Rak piersi > Rehabilitacja

sanatorium w Polanicy

<< < (2/4) > >>

EwaKor:
A jeśli chodzi o ilość zabiegów , to faktycznie jest ich dużo ?  mam za sobą pracowity i stresujący okres , chciałabym się trochę wyciszyć i odpocząć                               ( przynajmniej na początku ) A tu taka bieganina .... To kiedy jest czas na spacery i "balety " ?

oooAncia!:
Ja nie baletowa, ale spokojnie wystarczy Ci czasu. Tym bardziej, że dni dłuuugaśne. W zasadzie sporo zależy od tego, o której będziesz miała gimnastykę na basenie, bo ona jest każdego dnia (pn-sob) i jako ostatni zabieg.
Po pierwszych zajęciach z czystym sumieniem odpuściłam sobie psychoterapię (prowadzoną w suterenie, z kiblową rurą spustową w pomieszczeniu. Co chwilę słychac było odgłos WCwodospadu :-) ).

Becia:
tak, zabiegów dużo, około 100
ale w Polanicy, kończą się ok. 15ej, za wyjątkiem dwóch dni w tygodniu, kiedy jest psychoterapia albo relaksacja
jedziesz w pięknym okresie, jeszcze różaneczniki powinny w parku obok sanatorium kwitnąć
wtedy najdłuższe dni, więc spacerować można i do 22ej
na balety, gdy ktoś lubi, zawsze jest czas wieczorami O0

TOJKA:
co Ty Becia opowiadasz  ;) na moim turnusie zabiegi kończyły się ok. 16.30 (kolezanka z pokoju tak przychodziła z basenu), mój basen kończył sie o przed 16-tą.
Bylam na turnusie przelom wrzesnia i października.
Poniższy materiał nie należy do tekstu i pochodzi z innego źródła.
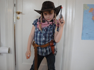Det var en western udklædningsfest, og endnu et tegn på at hun er blevet en stor pige er, at hun ikke valgte at være den feminine indianerprinsesse. Nej, hun skulle være herrefarlig cowboy. Jeg var hele Rødovrecenteret rundt for at finde den rette skjorte og tørklæde, i ren taknemmelighed over at hun ikke ville være lille fin squaw. Og er I klar over, hvor svært det er at finde et sejt cowboy tørklæde for tiden? Moden er jo gigantiske kæmpe tørklæder med blomster og mønstre og alt muligt, der ikke er særlig western.

Wtedy dni juz krótsze niż w czerwcu, ale dawałam rade pochodzic z kijkami ;) a i piesze dluższe wędrówki tez były (najdluższa 21 km) - ale to juz raczej sobota i niedziela.
Relaksacje, psychologa i spotkania z lekarzami sobie odpuszczałam - wielokrotnie byłam juz na prewencji rentowej, więc dla mnie, amazonki z dośc długim stażem, uwazalam, że sa zbyteczne, tym bardziej, ze nigdy "nie czułam" relaksacji ;)
Na spacerki wyciszające (samotnie z kijkami) chodziłam miedzy zabiegami - trasa nieedźwiedzia, albo po parku (duzy obszar).
Na balety chodziłam prawie w każdy wieczór do "Zdrojowej", pomimo, ze muzyka mi nie bardzo odpowiadała, ale blisko było ;)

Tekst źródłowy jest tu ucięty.